Here is where the multi-threading approach helps. The physics engine runs at 500 hz and needs to complete in less than 2ms, leaving enough cpu bandwidth left over for the rest of the game to function. The graphics engine runs at 100hz, and may take more than 2ms per step, so it couldn't be called directly from the physic engine thread because it would cause the physics engine to overrun it's timer. As a separate thread running at 100hz, the graphics thread has up to 10ms to complete without causing any problems to the game, and no special coding is required to split up the graphics thread into sub 2ms steps, since while the graphics thread is running, the physics thread will interrupt the graphics thread as needed so that the physics thread operates at it's 500hz. Each thread operates independently and has seperate criteria for meeting peformance goals. Neither thread requires any knowledge of the state of the other thread and the threads operate independently.
A problem with our terminology here. I'm using the term "multi-threading" to mean any form of multi-tasking, which until relatively recently was implemented on single core cpu's. It just so happens that Windows will automatically use multi-cores on multi-threaded programs, but there has always been a significant advantage to writing multi-threaded code, even on a single core systems, depending on the application.
The example code I created in "mtcopy.c", uses two threads so that reading and writing of data can occur concurrently without having to use special forms of I/O calls that return immediately after starting the I/O and require the program poll for completion or to specify a callback routine to handle the completion step, similar to an interrupt routine.
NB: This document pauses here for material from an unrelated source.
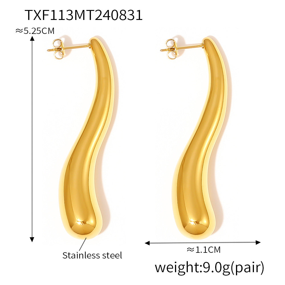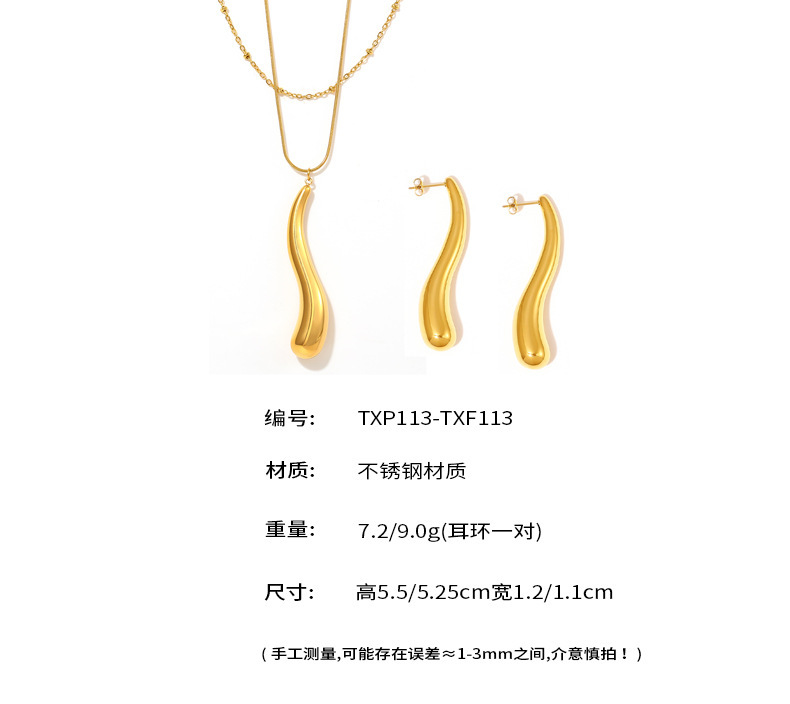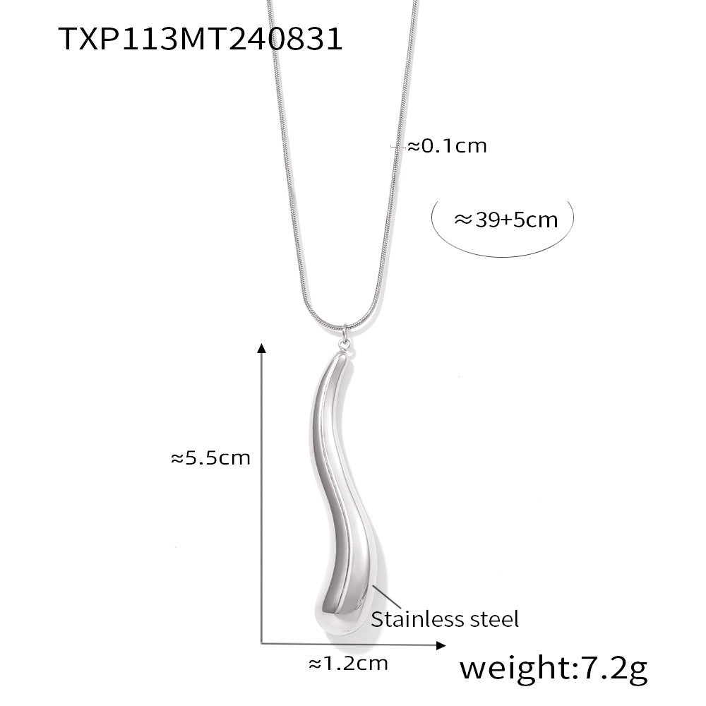 B廠【F113】歐美跨境簡約長條水滴空心吊墜新款項鍊不鏽鋼耳環時尚套裝 24.09-2

Instead each thread just issues a normal start the I/O and wait for completion, and the OS automatically switches between the threads while they wait for I/O completion or wait for messages or events (event, mutex, semaphore) from each other.
But generally they have timers that run independently of the CPU. PC's have always had an actual or emulated 8253 timer running at 1.19318 MHz, classically used to drive the DRAM refresh rate, and divided down by 65536 in the BIOS and in MSDOS to get a ~55 ms => 18.2hz "ticker" interrupt.
http://www.dcc.unicamp.br/~celio/mc404s2-03/8253timer.html
Windows default timer functions run at 15.625ms => 64 hz, and the "multi-media" timer runs at 1ms => 1000hz, regardless of the PC speed.
As mentioned before, Windows 95 supports multi-threaded applications, and many games have been multi-threaded since then (1995). Some of those older multi-threaded games are having issues with multiple cores, typically due to a issue with directx. Using a opengl driver, if possible, usually eliminates the problem, or setting the affinity via task manager to a single cpu may be required.
Synetic is a small developer with about 8 people, and their games (World Racing, Cobra Alarm) are multi-threaded.
http://en.wikipedia.org/wiki/Synetic
Again I ask, is LFS really a non-multi-threaded game?
Hi Jeff,
even I am not programmer its indeed interesting reading. Maybe LFS is multithreading but my point with this thread was rather that LFS cant get performance profit if the CPU has same architecture and have more then 1 core. So the question is if it could would it be usefull if you look at it from all the possible perspective. I see only benefit and reading your discussion with Becky there seem no any drawback even when someone would be still using single core CPU. Or I am wrong?
even I am not programmer its indeed interesting reading. Maybe LFS is multithreading but my point with this thread was rather that LFS cant get performance profit if the CPU has same architecture and have more then 1 core. So the question is if it could would it be usefull if you look at it from all the possible perspective. I see only benefit and reading your discussion with Becky there seem no any drawback even when someone would be still using single core CPU. Or I am wrong?
cpu usage would go to 80-90%, possibly less if the cars aren't AI.
still not convinced LFS needs optimization now.
if, in the future, the engine gets upgraded, then that's the future and there will be more powerful CPUs.
I still to see it better doing now then later when the LFS code will more and more complex.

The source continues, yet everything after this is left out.